After 18 months, 7 percent of people who reported never smoking hookah had transitioned to having smoked at least once, while 4 percent of those who reported ever smoking had transitioned to current users.
Participants who initially reported that they intended to smoke tobacco from a hookah at some point in the future had seven times greater odds of starting to smoke from a hookah in the following 18 months, compared to those who reported they had no plans to use a hookah. And people who reported a positive impression of hookah smoking were nearly twice as likely as their peers to start smoking from one.
However, a negative attitude toward hookah smoking did not have any association with decreased odds of participants becoming hookah smokers, nor did overall knowledge of the harmful components of hookah smoke. This suggests that simply educating young adults on the negative aspects of hookah smoking is likely to be ineffective.

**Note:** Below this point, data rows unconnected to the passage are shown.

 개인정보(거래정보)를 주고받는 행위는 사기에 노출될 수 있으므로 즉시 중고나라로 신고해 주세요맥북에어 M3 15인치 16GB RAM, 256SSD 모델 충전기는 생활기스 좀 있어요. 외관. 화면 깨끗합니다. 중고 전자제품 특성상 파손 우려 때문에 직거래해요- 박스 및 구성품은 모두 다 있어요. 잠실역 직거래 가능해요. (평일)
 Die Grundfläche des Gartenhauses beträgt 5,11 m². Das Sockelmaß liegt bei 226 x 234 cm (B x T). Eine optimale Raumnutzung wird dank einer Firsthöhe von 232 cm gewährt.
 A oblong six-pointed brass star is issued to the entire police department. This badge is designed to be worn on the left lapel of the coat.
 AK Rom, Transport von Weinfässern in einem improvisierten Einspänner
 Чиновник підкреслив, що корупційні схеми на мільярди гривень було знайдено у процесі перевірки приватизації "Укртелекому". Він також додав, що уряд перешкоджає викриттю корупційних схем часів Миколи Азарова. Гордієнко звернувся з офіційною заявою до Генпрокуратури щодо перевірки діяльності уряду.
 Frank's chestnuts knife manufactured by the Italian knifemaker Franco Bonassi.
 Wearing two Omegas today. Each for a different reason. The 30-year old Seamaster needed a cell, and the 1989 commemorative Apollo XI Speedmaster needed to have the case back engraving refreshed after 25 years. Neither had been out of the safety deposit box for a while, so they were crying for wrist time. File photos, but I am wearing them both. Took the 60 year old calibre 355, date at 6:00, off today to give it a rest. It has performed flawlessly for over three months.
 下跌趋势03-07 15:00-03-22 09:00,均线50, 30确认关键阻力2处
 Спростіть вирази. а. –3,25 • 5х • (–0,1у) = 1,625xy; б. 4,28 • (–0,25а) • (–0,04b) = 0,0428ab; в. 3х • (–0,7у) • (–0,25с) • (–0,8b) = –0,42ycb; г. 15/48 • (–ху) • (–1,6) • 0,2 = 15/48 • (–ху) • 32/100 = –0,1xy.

“When we extrapolate our findings to the greater population, that translates into nearly 9 million nonsmokers ages 18 to 30 who may have some intention to participate in hookah tobacco smoking,” said Sidani. “Considering the strong association we found between intention to smoke and becoming a hookah smoker, it is clear that this is a ripe opportunity to target prevention efforts at this age group.”
Additional co-authors of this study include senior author Brian A. Primack, M.D., Ph.D., director of CRMTH; and Ariel Shensa, M.A., Maharsi R. Naidu and Jonathan Yabes, Ph.D., all of Pitt.